List<String> getHeaderResourceUrls(); // list of url's to fetch for rendering the header
void setHeaderDataReceived(ResourceData data); // data fetched for header resource URLs
List<String> getBodyResourceUrls(); // list of url's to fetch for rendering the body
void setBodyDataReceived(ResourceData data); // data fetched for body resource URLs
}
Here ResourceData represents the results of doing the concurrent fetch. Now the widgets just declare what resources need to be fetched. The orchestrator can then collect all this information by querying the widget, dedup them, and then make one concurrent fetch of all these resources. Once the data is available the appropriate set method is called so that widgets can update their local state and render the appropriate content for each of the generation phases.

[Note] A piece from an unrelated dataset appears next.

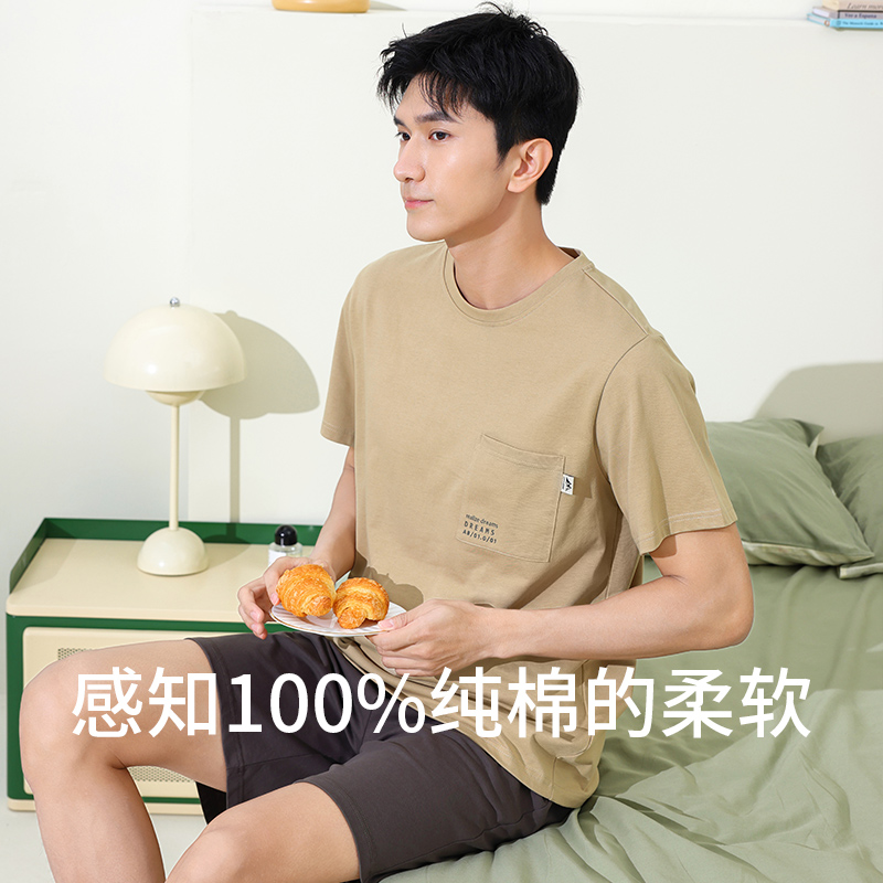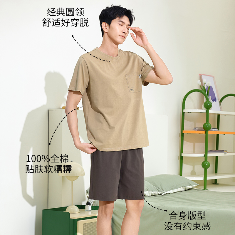 简约舒适全棉外穿家居服套装 秋鹿睡衣男纯棉夏款 短裤 圆领短袖 新款

Why two get/set combinations? In practice it turns out that we either need some data to be able to render personalized content in the header section (like title etc.,) or need to first do a setup like call to get some meta-data before doing the actual request during the body phase. Splitting it into to and then providing a budget of 50 ms for the header resources and 150 ms for the body resources still allows us to provide adequate budgets for a quick header flush, followed by a more generous body content generation.
Finally, the psuedo-code for the orchestrator itself now becomes
build list of widgets given current request
collect all resource requests for HTML head content
fetch resources concurrently
render the HTML head content with early flush
collect all resource requests for HTML body content
fetch resources concurrently
render the HTML body content
The nice thing is that this micro-framework idea can be implemented in almost any language, including PHP (for example using the curl multiget for the concurrent fetch). And it allows the rest of the system to have generous budgets, while still controlling the overall render time performance for the HTML on the server side.
The render phases can mostly be syncrhonous as they are compute bound and working on local data. This leads to, what is computer science, we call high cohesion, but low coupling between the widgets. Each widget or component author can work fairly independently of others, which also leads to better maintainence and easier evolution of the web page as the requirements change.
Observations
While algorithmic complexity (and Big-O notation) are useful to describe and reason about the runtime characteristics of code at the small scale, performance in today’s systems is mostly governed by I/O latency. As computers have evolved, memory and I/O access speeds have not kept up with processor speeds. So most CPU’s spend a lot of idle time waiting for data. This requires us to think differently on how to attain “global optima” of performance by factoring in the I/O cost. As can be seen above, doing so does not have to mean sacrificing code maintainabilty or structure. Instead, we can use separation of concerns to solve for each using the appropriate tools, while still leaving most of the code synchronous and easy to reason about.